A decade after the Affordable Care Act (ACA, or Obamacare) was signed into law, the expansion of insurance coverage under Medicaid it made possible has been found to reduce medical outcome disparities between low-income and high-income communities. 

The latest example: diagnosing cancer before it metastasizes.

In a study published in Cancer, chief investigator Uriel Kim, an MD/PhD student at the Case Western Reserve University School of Medicine, and colleagues compared rates of metastatic cancer among 12,760 underinsured or publicly insured adults in several low-income Ohio communities before and after the start of ACA-enabled Medicaid expansion in 2014. They looked at common cancers such as breast, cervical, colorectal and lung.

The researchers found that participants diagnosed with cancer between 2014 and 2016 were 15% less likely to have metastases than participants diagnosed between 2011 and 2013. 
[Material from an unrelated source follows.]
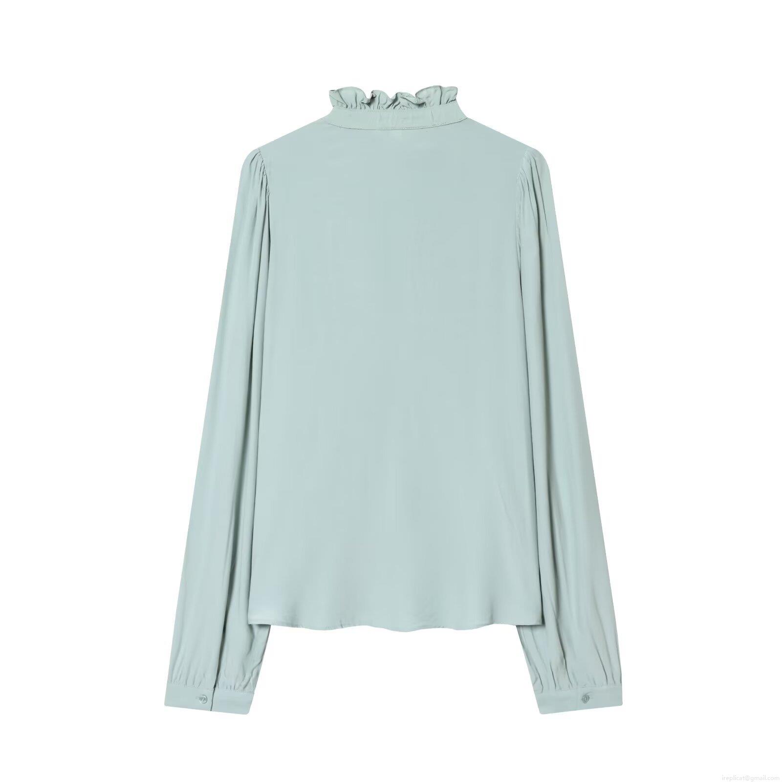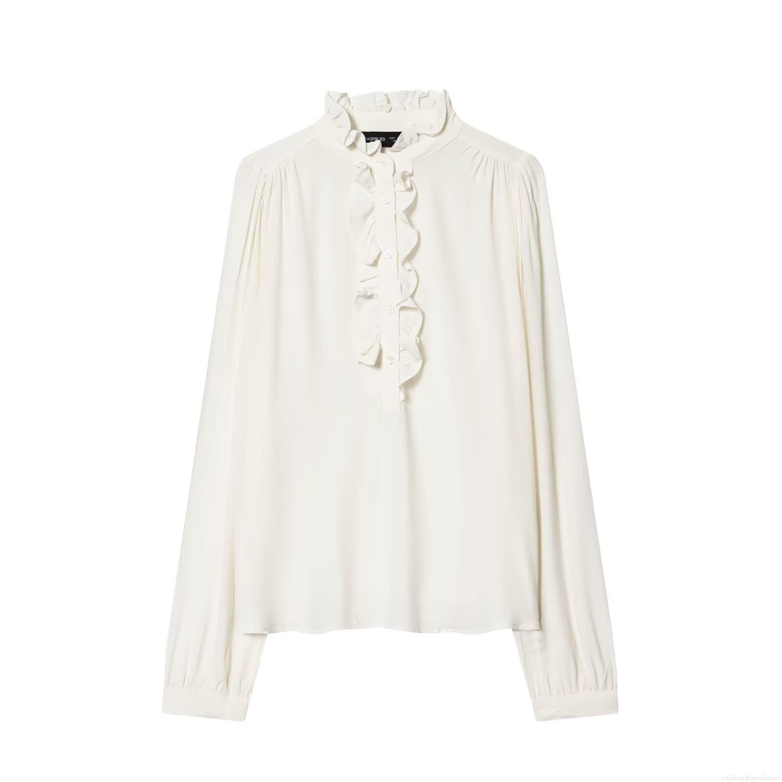 • Women's Elegant Ruffle Collar Long Sleeve Polyester Blouse Sweet Solid Color Pleated Chiffon Texture Shirt For Office Daily Lady Style

“A substantial number of low-income cancer patients gained insurance coverage as a result of the Affordable Care Act’s Medicaid expansion, so we anticipated improvements in cancer outcomes,” Kim told Cancer Health. “However, we were surprised at how quickly and dramatically Medicaid expansion ‘moved the needle’ on a long-standing cancer disparity—a 15% reduction in the odds of metastatic cancer is remarkable!”
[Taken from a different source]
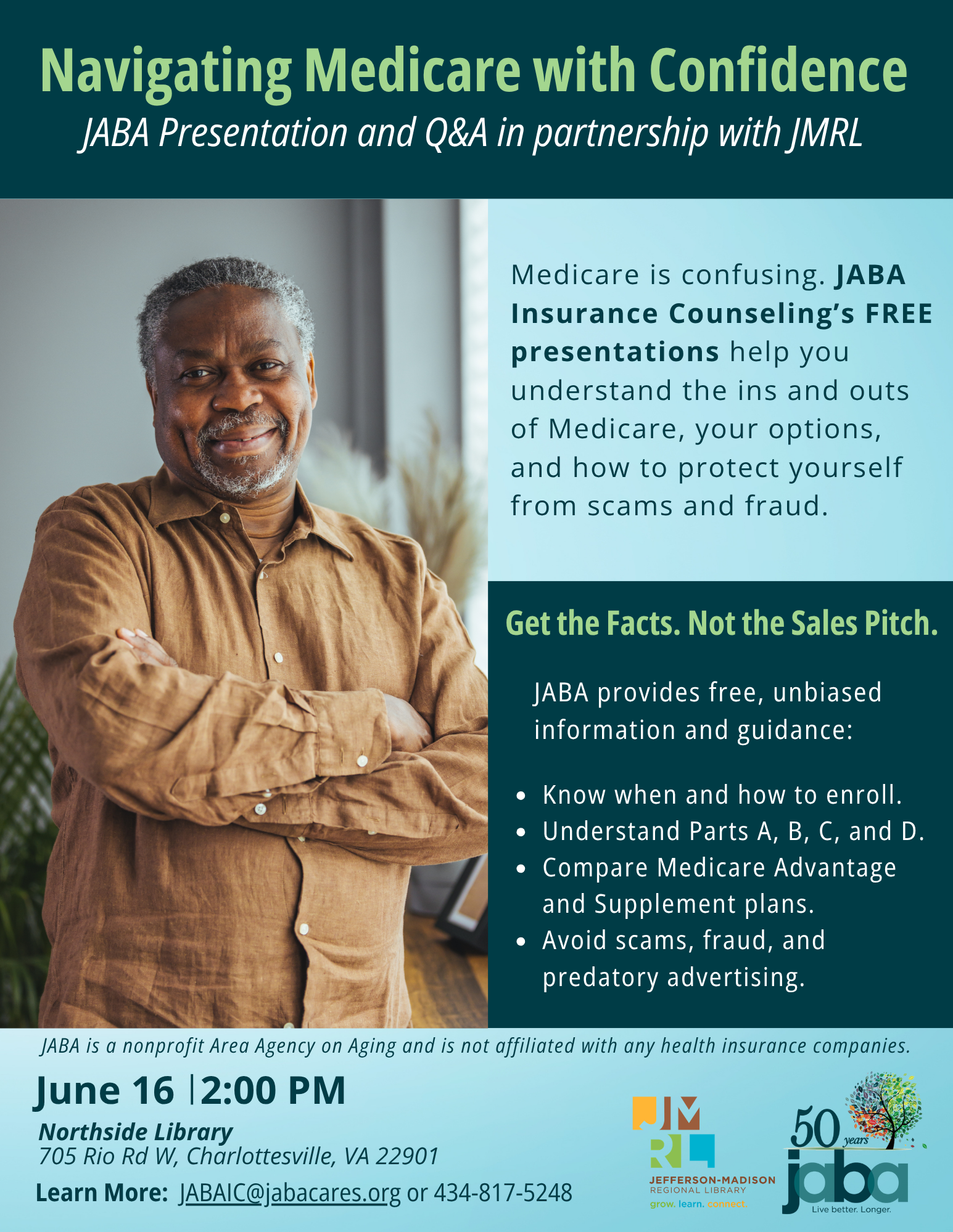 Medicare is confusing. JABA Insurance Counseling’s FREE presentations help you understand the ins and outs of Medicare, your options, and how to protect yourself from scams and fraud.

By comparison, no statistically significant change in the rates of metastatic cancer diagnoses among privately insured adults in high-income Ohio communities was noted during that time period.
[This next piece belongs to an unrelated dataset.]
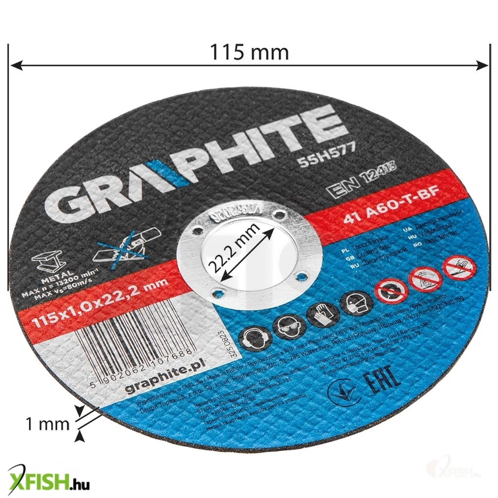 Átmérője 115 x 1 x 22,2 mm. A termék megfelel az EN12413 szabványnak, így magas szintű munkabiztonságot biztosít. Ez a korong a szakemberek és a barkácsolás szerelmesei számára készült.

“Medicaid expansion is associated with a narrowing of a critical cancer outcome disparity in adults from low-income communities,” Kim told Healio. Medicaid expansion, unlike other ACA policies, he said, “targets a particularly vulnerable group that tends to face the worst cancer outcomes.”

He added that the COVID-19 pandemic presents a further opportunity to study the effects of Medicaid expansion on population health. “We will be able to compare how newly jobless Americans fare in terms of cancer and other health outcomes between states that expanded Medicaid and those that did not,” he told Cancer Health, adding that actions such as overturning the ACA—as the Trump administration has attempted to do several times—would likely exacerbate disparities by reducing the total number of people insured.

“Although individuals may be able to maintain insurance coverage through COBRA benefits [which allows eligible employees to continue their workplace health insurance coverage after losing a job for a limited time] or through the ACA’s Marketplace, these options may be cost prohibitive,” he said. “Thus, those who lost their insurance during the pandemic and live in states that decided against Medicaid expansion lack a vital safety net, precisely when they need it the most.”

Medicaid expansion via Obamacare is available only in states that choose to offer it. To date, it has provided health care coverage to 12 million previously uninsured low-income American adults in 37 U.S. states.